In 2004, 16-year-old Cyntoia Brown was convicted of murdering a man who hired her for sex, an act she says she was forced into as a victim of sex trafficking. Brown, now 29, has served nearly 13 years of her life sentence in a Nashville prison — but in recent weeks, her story has entered the public consciousness as celebrities like Rihanna, Kim Kardashian West and Lana Del Rey shared their support online through the hashtag #FreeCyntoiaBrown.
Daniel Birman, a documentarian and professor at the Annenberg School of Communication and Journalism, first brought Brown’s story to life through a 2011 documentary titled Me Facing Life: Cyntoia’s Story. At the time, he was inspired to focus on the juvenile experience in the justice system, without realizing its impact years later.
“Back in 2002, I became interested, as a documentarian, in looking into how it is that juveniles can become violent,” Birman said.
When reaching out to the Nashville Public Defender’s Office, Birman said it was very receptive to his interest in the correlation between juveniles and violence.
In August 2004, Brown’s former attorney Kathy Evans called Birman and told him about Brown’s case.
Having not yet acquired support from PBS Independent Lens, the studio that would eventually release the documentary, Birman agreed to interview Brown. Even though he was working alone at the time, Birman said he did not hesitate.
“I got off the phone, I called the airline, and I was on a flight that night, and the next morning I was in Nashville with a camera in my hand,” Birman said. “I started interviewing Cyntoia in the juvenile detention area.”
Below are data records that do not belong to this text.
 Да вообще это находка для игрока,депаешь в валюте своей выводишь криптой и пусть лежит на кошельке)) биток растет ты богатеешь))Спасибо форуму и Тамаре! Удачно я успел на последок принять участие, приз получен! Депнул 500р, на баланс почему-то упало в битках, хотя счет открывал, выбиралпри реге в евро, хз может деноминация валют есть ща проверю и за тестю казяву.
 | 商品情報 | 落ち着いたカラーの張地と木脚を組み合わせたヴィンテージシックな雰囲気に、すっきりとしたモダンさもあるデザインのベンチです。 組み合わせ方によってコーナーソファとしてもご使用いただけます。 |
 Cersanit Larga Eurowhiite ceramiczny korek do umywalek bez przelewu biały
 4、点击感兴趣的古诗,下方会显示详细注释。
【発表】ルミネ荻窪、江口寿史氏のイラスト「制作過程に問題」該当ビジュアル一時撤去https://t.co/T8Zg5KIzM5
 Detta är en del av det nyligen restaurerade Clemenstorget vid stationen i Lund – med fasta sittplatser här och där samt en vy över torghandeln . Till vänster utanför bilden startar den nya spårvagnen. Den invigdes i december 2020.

From that first interview, Birman said Brown came across as an incredibly bright and articulate woman, who was charged with a serious crime.
“I’m looking through a viewfinder of a camera, and I’m looking at a kid [who] just days before had murdered a 44-year-old man who had picked her up for sex,” Birman said. “[That was ] when I really stopped to think about the fact that children are exposed to that kind of cruelty. It made me want to learn more.”
Birman admitted that his parents’ influence growing up, combined with his innate curiosity and stubbornness, all factored into the seven years he spent developing the documentary about Brown.
“My mother was a huge proponent of social justice,” Birman said.
He said she instilled in him ideas of justice and equality. On the other hand, his father worked as a scientist, analyzing complex ideas from different perspectives. When putting those two factors together, Birman believed it was inevitable that he would become a documentarian.
At the very beginning of his journey, Birman took on all of the aspects necessary to develop the documentary — a large-scale project that lead him to return to Nashville frequently, spending entire evenings wide awake.
“I’d be staring at the ceiling, wondering if I’m making the most expensive home movie I could ever imagine,” Birman said.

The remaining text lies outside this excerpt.